Leave the pictures out. Return all other data exactly.

Data extract
§

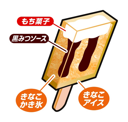今回の新商品は、 きなこ味のキャンディーの中に、先端にもち菓子、さらに黒みつソースときなこかき氷が入ったアイスキャンディー。もち菓子のインパクトはそのままに、国内で注目度の高い山梨県のお土産ブランド「桔梗屋」監修を受けたお墨付きの味。
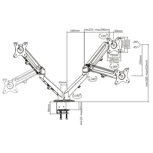 Construcție din oțel solid combinată cu aluminiu elegant turnat pentru o durabilitate și un mecanism integrat de arcuri de gaz care asigură mișcări netede la cele mai accesibile prețuri. Sloturile VESA în formă de pară fac ca instalarea și montarea monitorului să devină instantanee!Inclinarea flexibila, functiile de rotire si de pivotare asigura unghiuri confortabile ale monitorului. Liniile netede ale brațelor superioare și inferioare oferă un aspect elegant și plăcut oricărui mediu de birou. Funcțional elegant, dar su cu un pret accesibil. Cu seria MNT25 instalată, veți reduce stresul ochilor în timp ce vă optimizați spațiul de lucru.
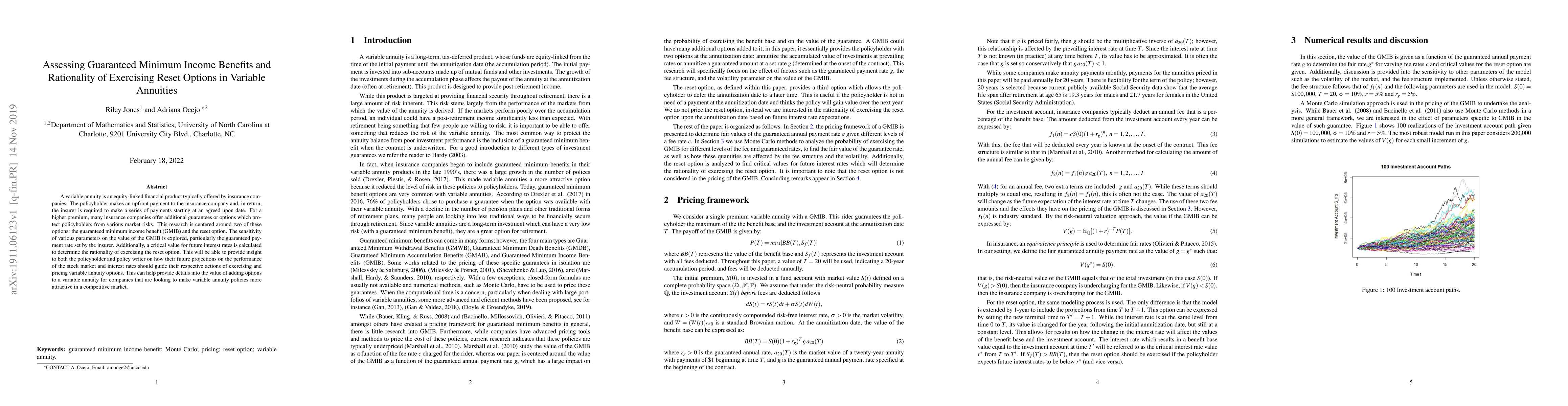 This research evaluates the guaranteed minimum income benefit and reset option in variable annuities, analyzing the impact of parameters like the guaranteed payment rate on GMIB value and determining the critical interest rate for rational reset option exercise. Insights are provided for policyholders and insurers on optimizing variable annuity options.

§

Result of the exercise
今回の新商品は、 きなこ味のキャンディーの中に、先端にもち菓子、さらに黒みつソースときなこかき氷が入ったアイスキャンディー。もち菓子のインパクトはそのままに、国内で注目度の高い山梨県のお土産ブランド「桔梗屋」監修を受けたお墨付きの味。
 Construcție din oțel solid combinată cu aluminiu elegant turnat pentru o durabilitate și un mecanism integrat de arcuri de gaz care asigură mișcări netede la cele mai accesibile prețuri. Sloturile VESA în formă de pară fac ca instalarea și montarea monitorului să devină instantanee!Inclinarea flexibila, functiile de rotire si de pivotare asigura unghiuri confortabile ale monitorului. Liniile netede ale brațelor superioare și inferioare oferă un aspect elegant și plăcut oricărui mediu de birou. Funcțional elegant, dar su cu un pret accesibil. Cu seria MNT25 instalată, veți reduce stresul ochilor în timp ce vă optimizați spațiul de lucru.
 This research evaluates the guaranteed minimum income benefit and reset option in variable annuities, analyzing the impact of parameters like the guaranteed payment rate on GMIB value and determining the critical interest rate for rational reset option exercise. Insights are provided for policyholders and insurers on optimizing variable annuity options.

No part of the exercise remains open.